The structure and the arrangement of the recesses in the individual elements can be changed in various ways by a person skilled in the art. Although hers Arrangement in a double row currently appears to be the most expedient embodiment, three or more rows of cutouts can also be used in the single ladders so that a larger heat transfer area is available when this should seem appropriate for whatever reason.

In the embodiment shown, single conductors were used, in which the recesses are punched at a certain angle to the cross-sectional area of the cooling channels not to decrease. Of course you can also get a bigger one Number of individual conductors less radial Use thickness and punch the recesses perpendicular to the conductor level, which may result in the Costs are reduced. There are also more with vertical cutouts Punch layout options as fewer patterns may be required. You can then also use a single conductor that is perforated for a specific location in the package can also be used in a different radial position in the groove. Of course several individual conductors can be connected electrically in parallel, so that a change the excitation winding supply voltage is not required.

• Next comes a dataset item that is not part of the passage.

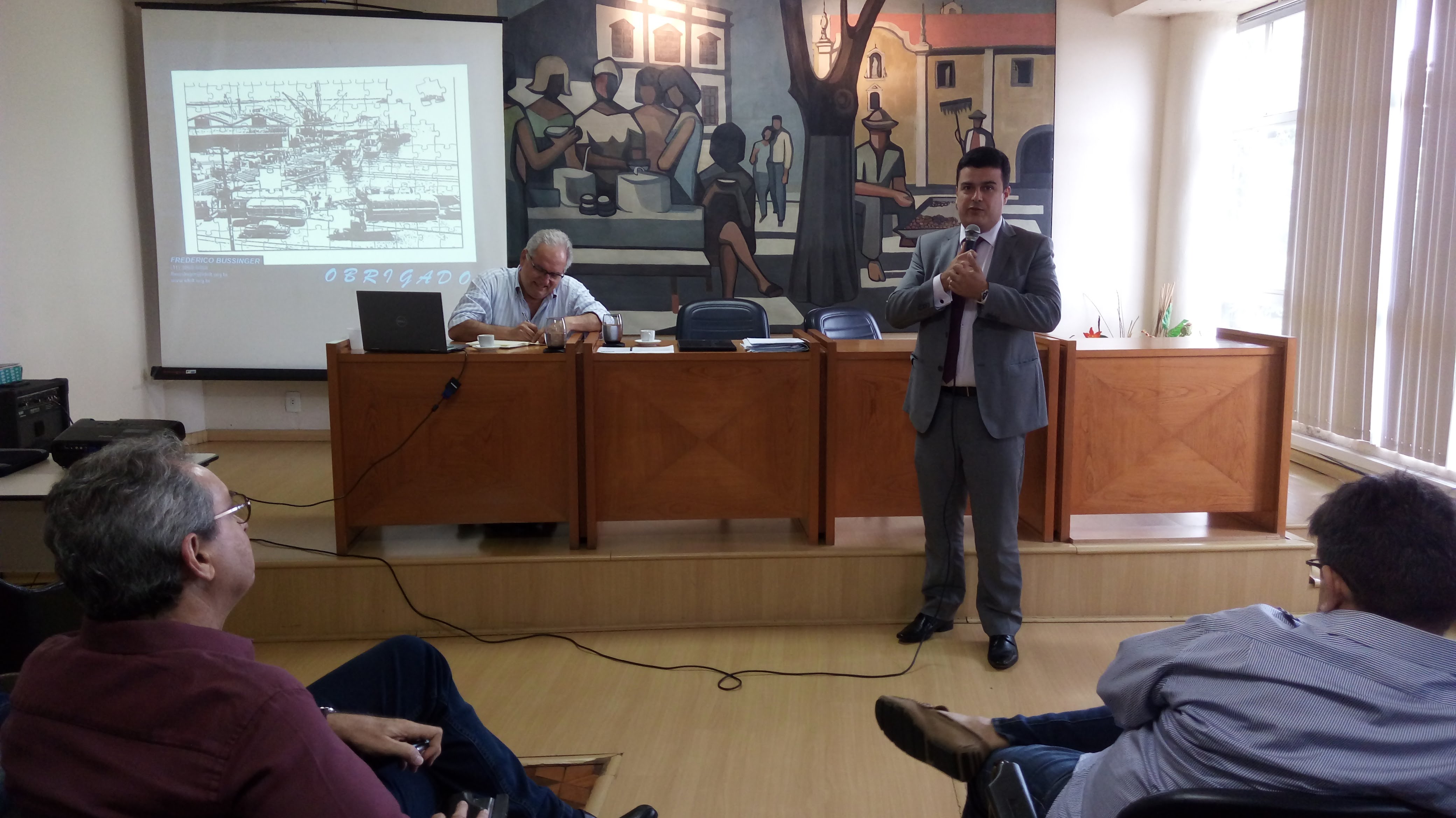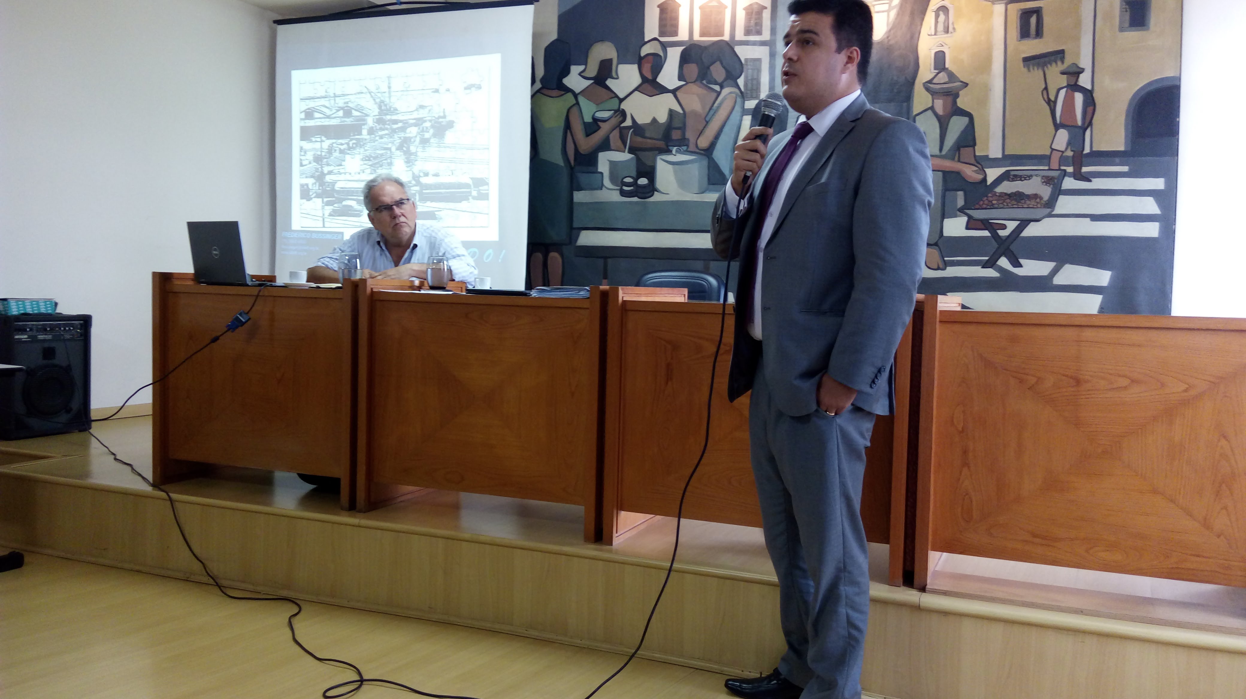 Rodrigo Nassar, diretor de Planejamento de Transportes, conduziu o evento, que recebeu como palestrante o consultor Frederico Bussinger, do Instituto de Desenvolvimento, Logística, Transporte e Meio Ambiente, contratado elaborar as referidas políticas.

A reversal of the flow direction is also within the scope of the invention both at the top and at the bottom of the groove, so that the gas in the radial direction runs back and forth in the groove several times before it is finally ejected into the air gap will.

Claims (2)

Claims: 1. Rotor for a dynamo-electric machine with directly cooled rotor conductors arranged in axially extending grooves made of individual conductors stacked one on top of the other, which are penetrated in the radial direction of the rotor by recesses which are offset in the longitudinal direction of the rod in adjacent individual conductors in such a way that cooling channels arise in the rotor conductors, which run obliquely through the rotor conductors in axially opposite directions, d a d by gc - indicates that the individual conductors (11, 14, 15, 16) have at least two parallel rows of recesses (12, 13) in the form of elongated holes in the axial direction Each row forms a number of parallel cooling channels which run diagonally in opposite directions in the two rows and are only connected to one another at the bottom of the groove. 2. Runner according to claim 1, characterized in that the majority of the individual conductors (11, 14, 15, 16) is perforated. 3. Runner according to claim 1 or 2, characterized in that in the axial direction of the runner there are zones (5, 6) in which there are only inlet openings of cooling channels, with zones (7, 8, 9) in which there are only outlet openings of cooling channels , alternate. 4. A rotor according to claim 3, characterized in that the connections at the bottom of the groove consist of gaps (30) , each of which has the radially inner ends of at least one coolant, inclined inwardly conducting cooling channel and one formed by an adjacent row of holes, in the opposite direction inclined, coolant to the outside to an outlet zone (7, 8, 9) connecting cooling channel with each other. 5. Runner according to one of claims 1 to 4, characterized in that at least one of the diagonally extending cooling channels is in connection with a bottom groove (10) extending approximately axially from the runner end. Documents considered: German Patent No. 679 856; . USA. Patent Nos 2661434, 2664512, 2 791 707; E. u.M., 1956, pp. 271-273; AIEE-Transactions, Part 111, 1956, pp. 260-268.